(Records drawn from a dataset)
━━━━━━━━━━━━━━━━

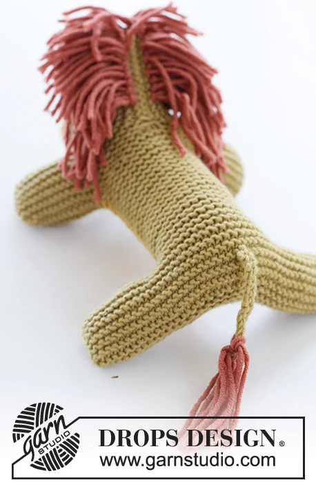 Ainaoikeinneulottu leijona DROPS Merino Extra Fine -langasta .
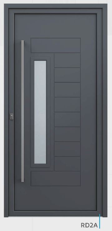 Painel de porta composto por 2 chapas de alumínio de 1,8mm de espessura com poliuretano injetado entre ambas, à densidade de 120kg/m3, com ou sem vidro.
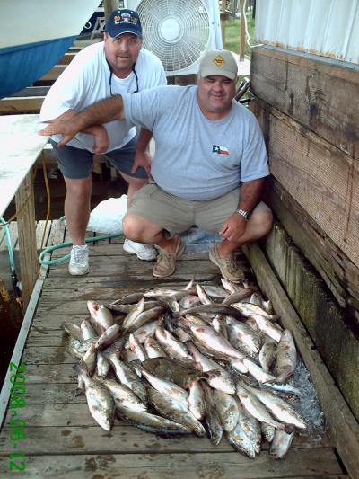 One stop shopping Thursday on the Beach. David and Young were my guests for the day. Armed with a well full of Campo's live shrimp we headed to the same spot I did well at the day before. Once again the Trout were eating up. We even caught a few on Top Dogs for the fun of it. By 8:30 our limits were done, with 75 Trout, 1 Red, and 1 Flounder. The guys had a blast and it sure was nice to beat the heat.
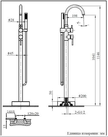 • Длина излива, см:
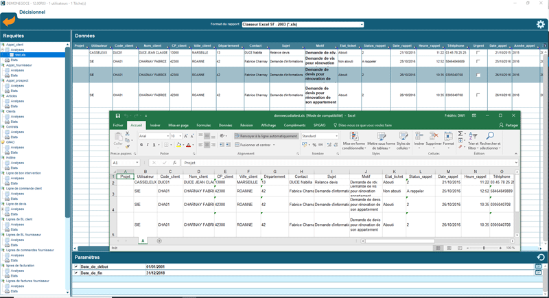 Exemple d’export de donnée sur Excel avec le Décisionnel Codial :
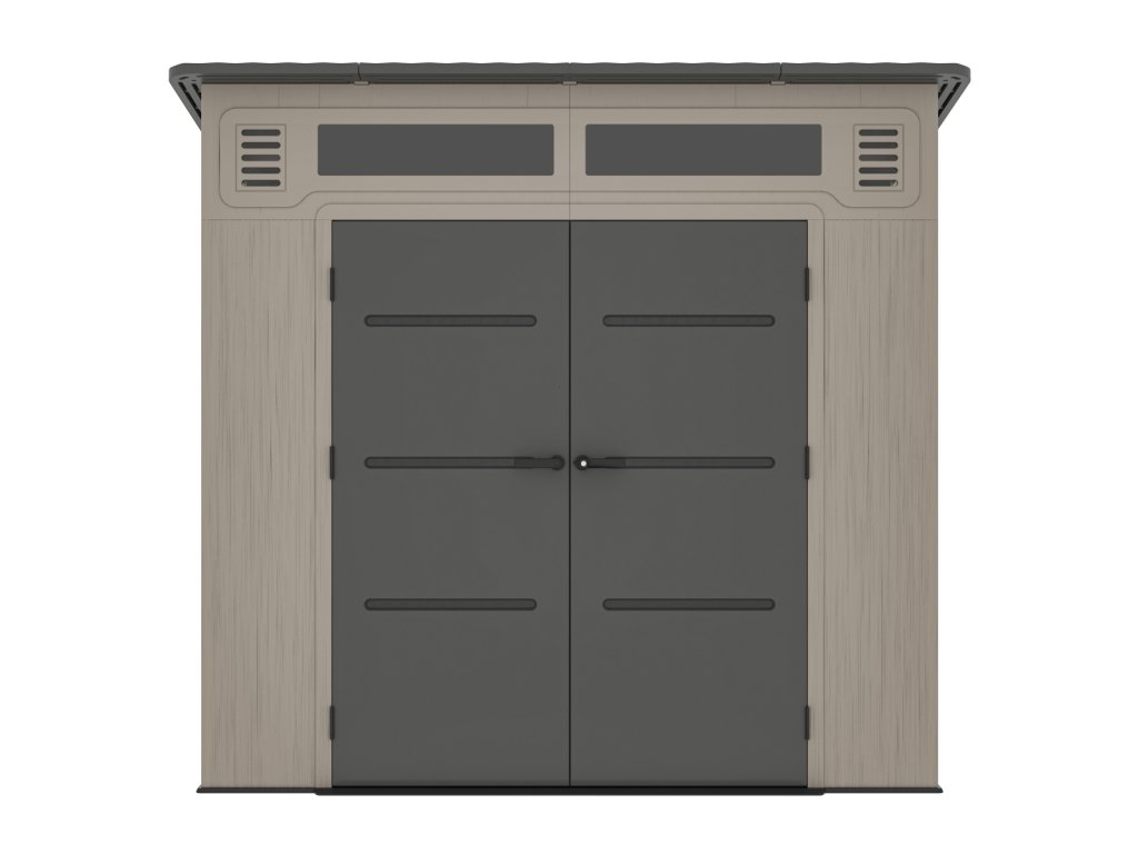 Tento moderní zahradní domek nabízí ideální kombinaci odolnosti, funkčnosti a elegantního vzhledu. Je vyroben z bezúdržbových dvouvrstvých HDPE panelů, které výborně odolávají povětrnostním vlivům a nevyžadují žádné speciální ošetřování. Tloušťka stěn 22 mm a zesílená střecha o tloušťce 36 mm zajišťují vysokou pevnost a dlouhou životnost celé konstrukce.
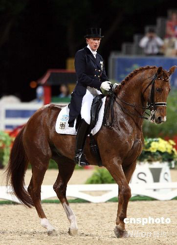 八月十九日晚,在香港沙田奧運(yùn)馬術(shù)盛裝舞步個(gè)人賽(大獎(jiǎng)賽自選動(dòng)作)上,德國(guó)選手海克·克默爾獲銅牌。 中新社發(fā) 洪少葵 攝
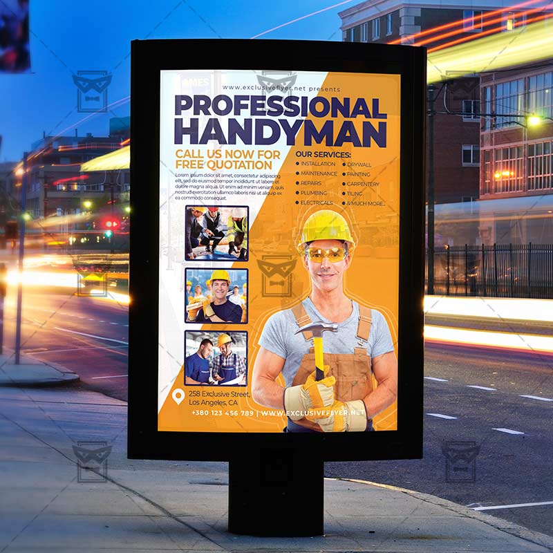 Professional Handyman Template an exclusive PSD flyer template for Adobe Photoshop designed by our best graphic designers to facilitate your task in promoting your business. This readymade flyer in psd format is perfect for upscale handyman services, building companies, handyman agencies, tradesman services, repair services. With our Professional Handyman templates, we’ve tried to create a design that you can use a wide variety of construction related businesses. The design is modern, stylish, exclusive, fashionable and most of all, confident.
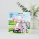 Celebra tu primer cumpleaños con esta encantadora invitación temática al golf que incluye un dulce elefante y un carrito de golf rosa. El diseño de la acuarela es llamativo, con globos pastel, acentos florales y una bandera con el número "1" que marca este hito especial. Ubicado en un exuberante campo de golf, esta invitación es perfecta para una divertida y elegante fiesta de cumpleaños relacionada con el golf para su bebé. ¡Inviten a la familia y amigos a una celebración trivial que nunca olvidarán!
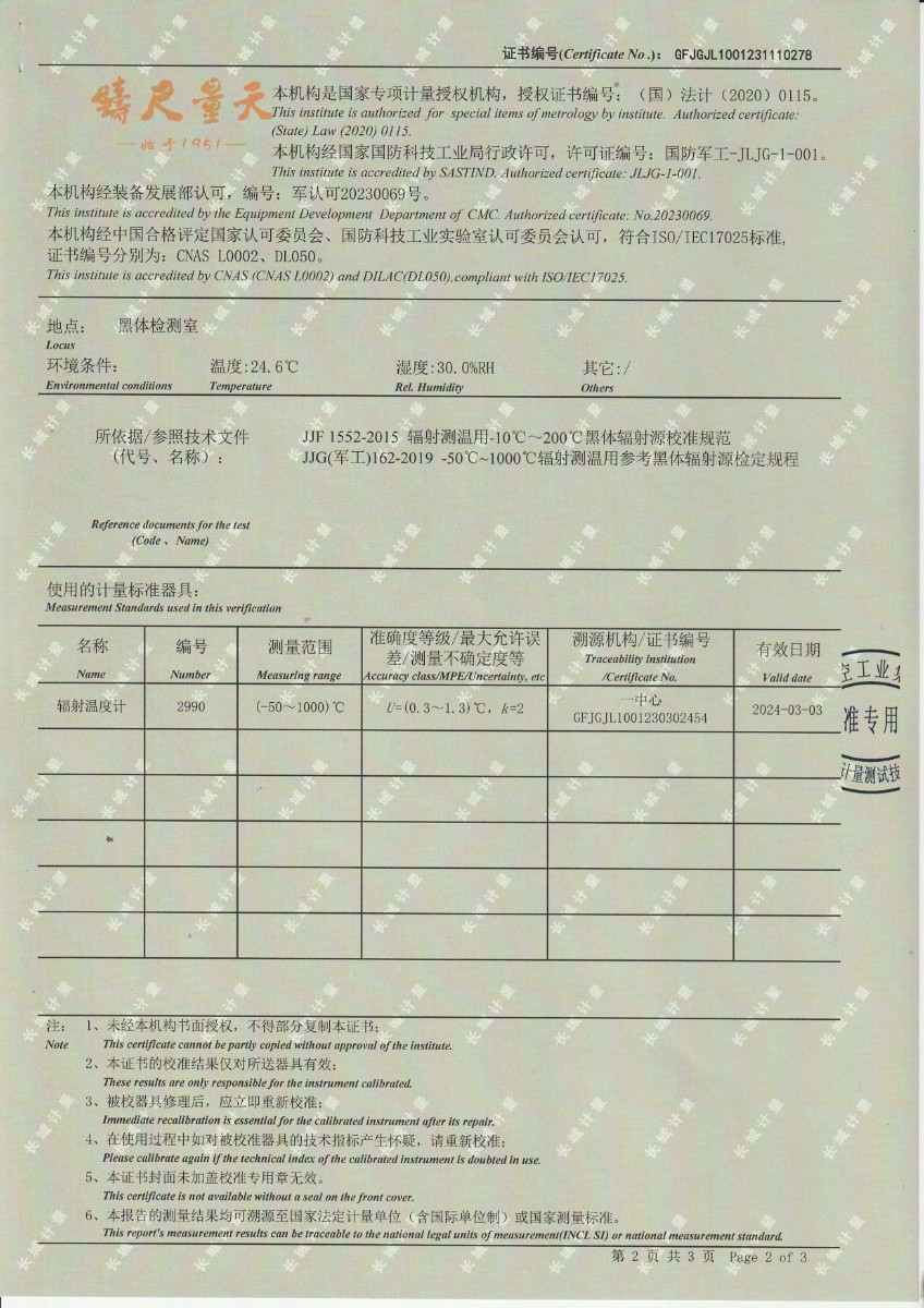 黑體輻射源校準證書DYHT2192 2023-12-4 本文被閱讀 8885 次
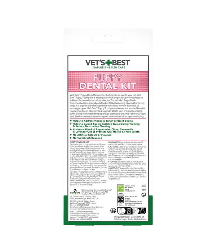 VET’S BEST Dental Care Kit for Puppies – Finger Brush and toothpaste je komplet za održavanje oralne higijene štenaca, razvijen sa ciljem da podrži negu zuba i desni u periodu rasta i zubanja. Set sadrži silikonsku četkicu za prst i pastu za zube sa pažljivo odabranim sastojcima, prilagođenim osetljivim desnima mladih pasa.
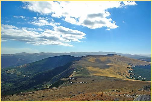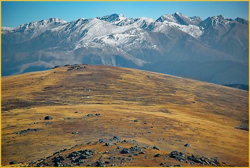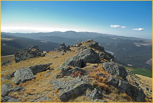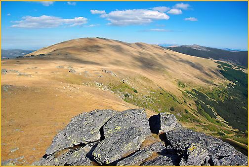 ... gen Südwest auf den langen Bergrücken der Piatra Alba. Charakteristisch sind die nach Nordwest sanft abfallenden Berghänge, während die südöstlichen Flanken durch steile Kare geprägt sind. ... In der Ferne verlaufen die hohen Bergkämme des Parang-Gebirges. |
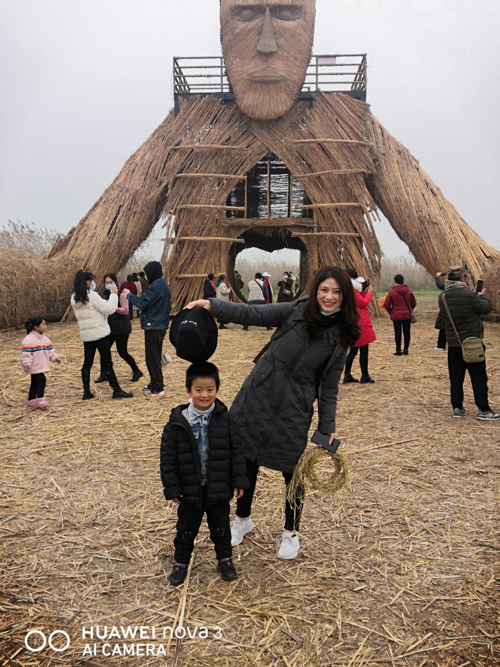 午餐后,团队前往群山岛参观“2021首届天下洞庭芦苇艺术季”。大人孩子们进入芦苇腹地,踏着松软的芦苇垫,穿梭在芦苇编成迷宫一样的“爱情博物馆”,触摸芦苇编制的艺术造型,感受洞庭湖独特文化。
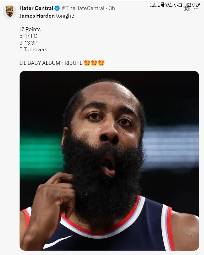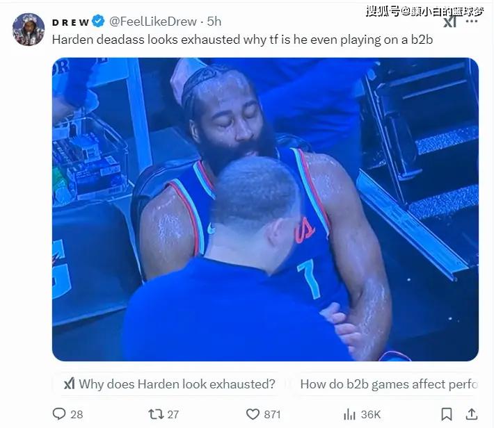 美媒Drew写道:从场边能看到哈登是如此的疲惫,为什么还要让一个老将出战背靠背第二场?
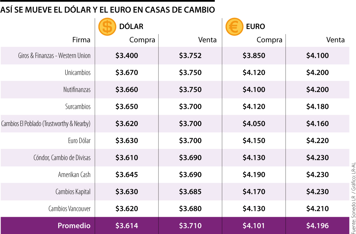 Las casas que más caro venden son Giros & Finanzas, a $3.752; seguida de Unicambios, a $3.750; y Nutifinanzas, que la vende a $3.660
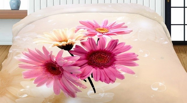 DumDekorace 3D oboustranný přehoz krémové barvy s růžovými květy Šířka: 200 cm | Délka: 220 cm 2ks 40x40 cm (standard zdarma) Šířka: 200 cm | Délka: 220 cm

━━━━━━━━━━━━━━━━

EXERCISE DESCRIPTION » Will you set down the records word for word while leaving out every picture?

EXERCISE RESPONSE »
 Ainaoikeinneulottu leijona DROPS Merino Extra Fine -langasta .
 Painel de porta composto por 2 chapas de alumínio de 1,8mm de espessura com poliuretano injetado entre ambas, à densidade de 120kg/m3, com ou sem vidro.
 One stop shopping Thursday on the Beach. David and Young were my guests for the day. Armed with a well full of Campo's live shrimp we headed to the same spot I did well at the day before. Once again the Trout were eating up. We even caught a few on Top Dogs for the fun of it. By 8:30 our limits were done, with 75 Trout, 1 Red, and 1 Flounder. The guys had a blast and it sure was nice to beat the heat.
 • Длина излива, см:
 Exemple d’export de donnée sur Excel avec le Décisionnel Codial :
 Tento moderní zahradní domek nabízí ideální kombinaci odolnosti, funkčnosti a elegantního vzhledu. Je vyroben z bezúdržbových dvouvrstvých HDPE panelů, které výborně odolávají povětrnostním vlivům a nevyžadují žádné speciální ošetřování. Tloušťka stěn 22 mm a zesílená střecha o tloušťce 36 mm zajišťují vysokou pevnost a dlouhou životnost celé konstrukce.
 八月十九日晚,在香港沙田奧運(yùn)馬術(shù)盛裝舞步個(gè)人賽(大獎(jiǎng)賽自選動(dòng)作)上,德國(guó)選手海克·克默爾獲銅牌。 中新社發(fā) 洪少葵 攝
 Professional Handyman Template an exclusive PSD flyer template for Adobe Photoshop designed by our best graphic designers to facilitate your task in promoting your business. This readymade flyer in psd format is perfect for upscale handyman services, building companies, handyman agencies, tradesman services, repair services. With our Professional Handyman templates, we’ve tried to create a design that you can use a wide variety of construction related businesses. The design is modern, stylish, exclusive, fashionable and most of all, confident.
 Celebra tu primer cumpleaños con esta encantadora invitación temática al golf que incluye un dulce elefante y un carrito de golf rosa. El diseño de la acuarela es llamativo, con globos pastel, acentos florales y una bandera con el número "1" que marca este hito especial. Ubicado en un exuberante campo de golf, esta invitación es perfecta para una divertida y elegante fiesta de cumpleaños relacionada con el golf para su bebé. ¡Inviten a la familia y amigos a una celebración trivial que nunca olvidarán!
 黑體輻射源校準證書DYHT2192 2023-12-4 本文被閱讀 8885 次
 VET’S BEST Dental Care Kit for Puppies – Finger Brush and toothpaste je komplet za održavanje oralne higijene štenaca, razvijen sa ciljem da podrži negu zuba i desni u periodu rasta i zubanja. Set sadrži silikonsku četkicu za prst i pastu za zube sa pažljivo odabranim sastojcima, prilagođenim osetljivim desnima mladih pasa.
 ... gen Südwest auf den langen Bergrücken der Piatra Alba. Charakteristisch sind die nach Nordwest sanft abfallenden Berghänge, während die südöstlichen Flanken durch steile Kare geprägt sind. ... In der Ferne verlaufen die hohen Bergkämme des Parang-Gebirges. |
 午餐后,团队前往群山岛参观“2021首届天下洞庭芦苇艺术季”。大人孩子们进入芦苇腹地,踏着松软的芦苇垫,穿梭在芦苇编成迷宫一样的“爱情博物馆”,触摸芦苇编制的艺术造型,感受洞庭湖独特文化。
 美媒Drew写道:从场边能看到哈登是如此的疲惫,为什么还要让一个老将出战背靠背第二场?
 Las casas que más caro venden son Giros & Finanzas, a $3.752; seguida de Unicambios, a $3.750; y Nutifinanzas, que la vende a $3.660
 DumDekorace 3D oboustranný přehoz krémové barvy s růžovými květy Šířka: 200 cm | Délka: 220 cm 2ks 40x40 cm (standard zdarma) Šířka: 200 cm | Délka: 220 cm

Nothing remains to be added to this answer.